### RECORDS FOR PROCESSING

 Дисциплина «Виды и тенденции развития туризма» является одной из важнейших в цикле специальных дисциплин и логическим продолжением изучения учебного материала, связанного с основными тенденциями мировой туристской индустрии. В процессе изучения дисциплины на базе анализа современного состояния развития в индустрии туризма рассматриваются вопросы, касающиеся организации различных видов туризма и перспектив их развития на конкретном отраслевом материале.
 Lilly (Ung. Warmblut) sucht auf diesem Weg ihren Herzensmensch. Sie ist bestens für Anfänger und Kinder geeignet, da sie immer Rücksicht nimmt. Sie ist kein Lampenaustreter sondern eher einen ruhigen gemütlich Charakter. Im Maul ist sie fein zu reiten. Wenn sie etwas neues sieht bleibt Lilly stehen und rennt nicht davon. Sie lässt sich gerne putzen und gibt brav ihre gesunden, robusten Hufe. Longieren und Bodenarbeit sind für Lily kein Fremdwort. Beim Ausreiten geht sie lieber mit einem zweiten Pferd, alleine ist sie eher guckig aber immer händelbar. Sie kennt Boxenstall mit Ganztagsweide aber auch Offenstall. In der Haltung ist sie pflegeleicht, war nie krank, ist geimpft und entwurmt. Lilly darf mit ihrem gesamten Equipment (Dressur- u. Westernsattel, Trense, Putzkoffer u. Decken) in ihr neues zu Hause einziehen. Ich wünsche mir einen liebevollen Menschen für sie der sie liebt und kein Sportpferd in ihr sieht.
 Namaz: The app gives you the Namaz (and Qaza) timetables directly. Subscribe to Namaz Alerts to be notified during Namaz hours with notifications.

...

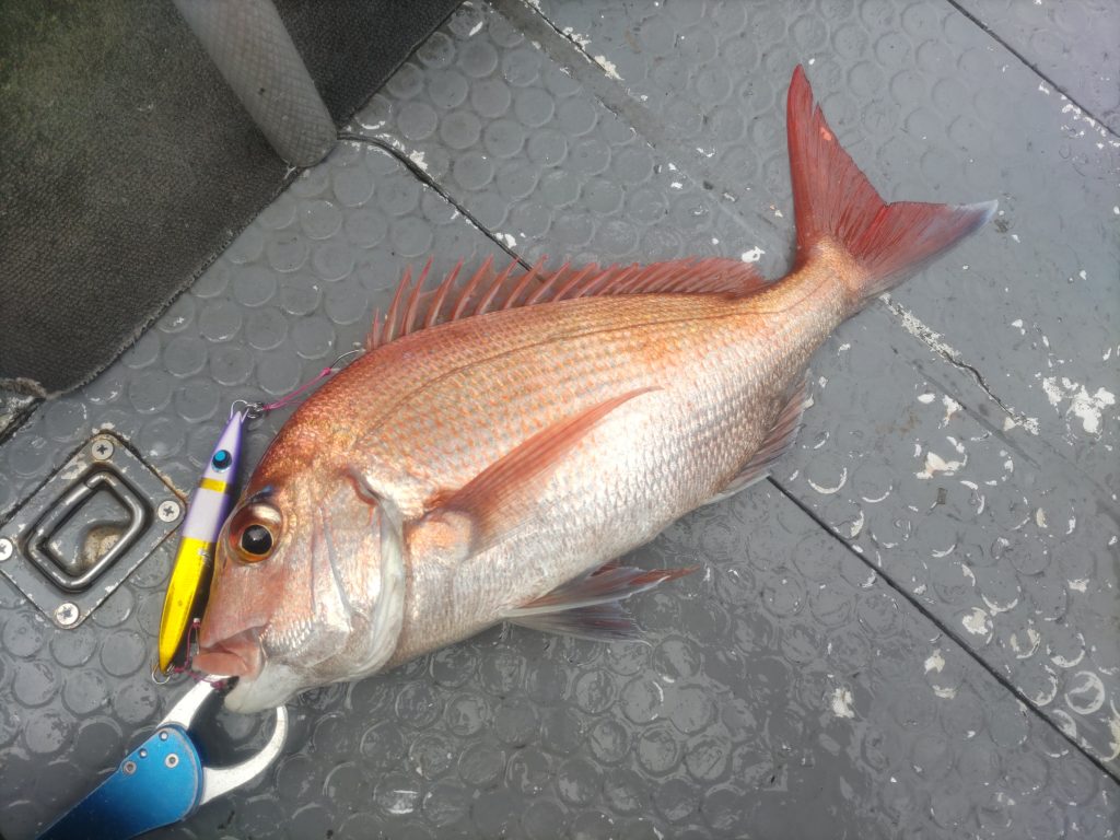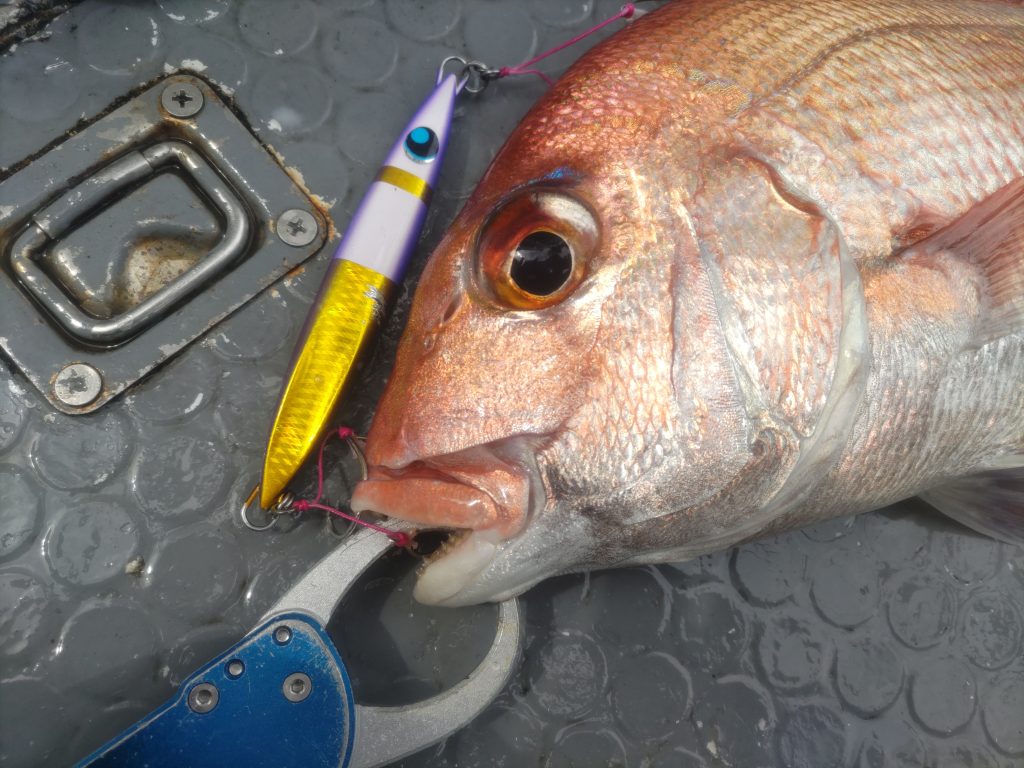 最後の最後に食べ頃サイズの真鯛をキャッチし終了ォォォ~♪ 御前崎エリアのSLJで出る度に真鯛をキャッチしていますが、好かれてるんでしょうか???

--

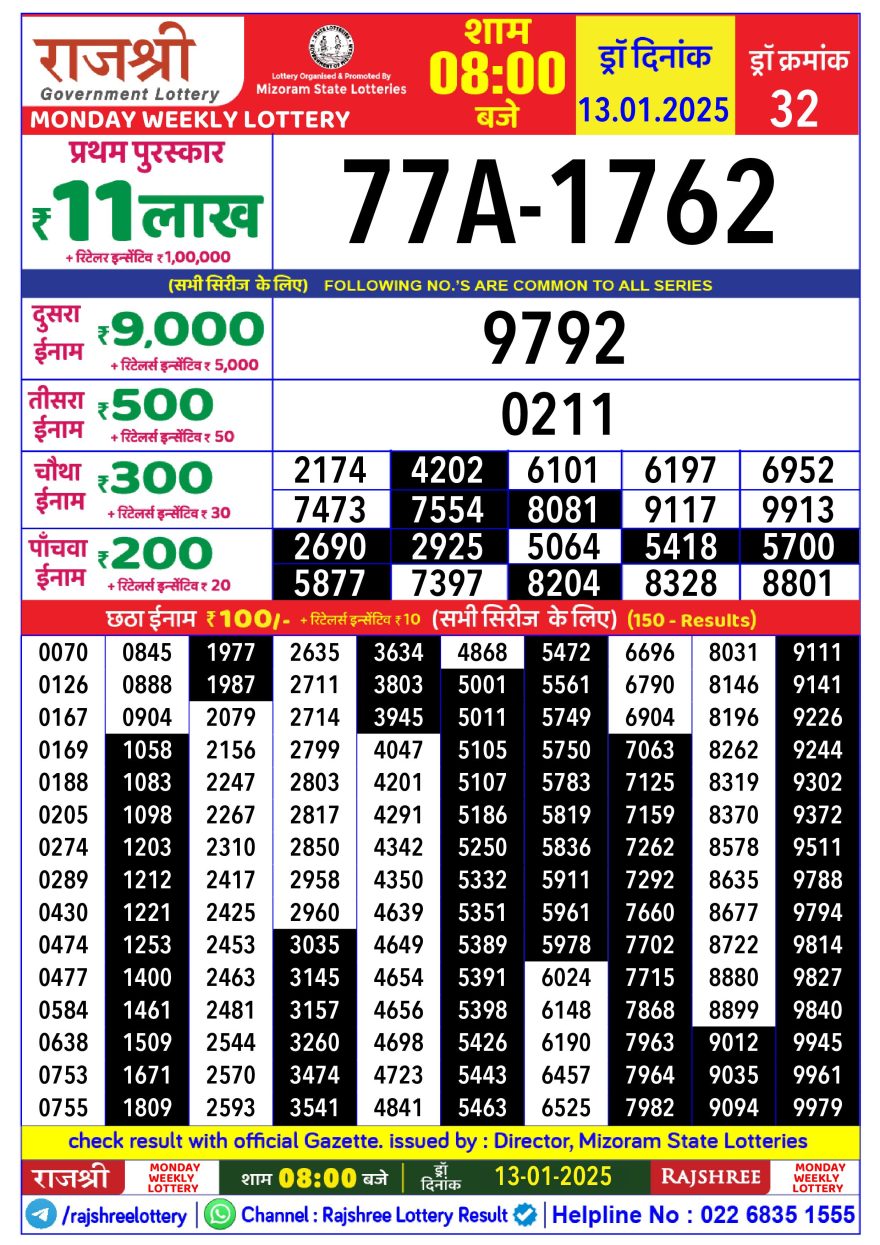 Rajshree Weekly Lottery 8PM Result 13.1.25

### WHAT THIS TASK INVOLVES
Output only an exact transcription of the lines above from the one with "Lilly (Ung. Warmblut)" up to and including the one with "Namaz: The app".

### PROBLEM SOLUTION
 Lilly (Ung. Warmblut) sucht auf diesem Weg ihren Herzensmensch. Sie ist bestens für Anfänger und Kinder geeignet, da sie immer Rücksicht nimmt. Sie ist kein Lampenaustreter sondern eher einen ruhigen gemütlich Charakter. Im Maul ist sie fein zu reiten. Wenn sie etwas neues sieht bleibt Lilly stehen und rennt nicht davon. Sie lässt sich gerne putzen und gibt brav ihre gesunden, robusten Hufe. Longieren und Bodenarbeit sind für Lily kein Fremdwort. Beim Ausreiten geht sie lieber mit einem zweiten Pferd, alleine ist sie eher guckig aber immer händelbar. Sie kennt Boxenstall mit Ganztagsweide aber auch Offenstall. In der Haltung ist sie pflegeleicht, war nie krank, ist geimpft und entwurmt. Lilly darf mit ihrem gesamten Equipment (Dressur- u. Westernsattel, Trense, Putzkoffer u. Decken) in ihr neues zu Hause einziehen. Ich wünsche mir einen liebevollen Menschen für sie der sie liebt und kein Sportpferd in ihr sieht.
 Namaz: The app gives you the Namaz (and Qaza) timetables directly. Subscribe to Namaz Alerts to be notified during Namaz hours with notifications.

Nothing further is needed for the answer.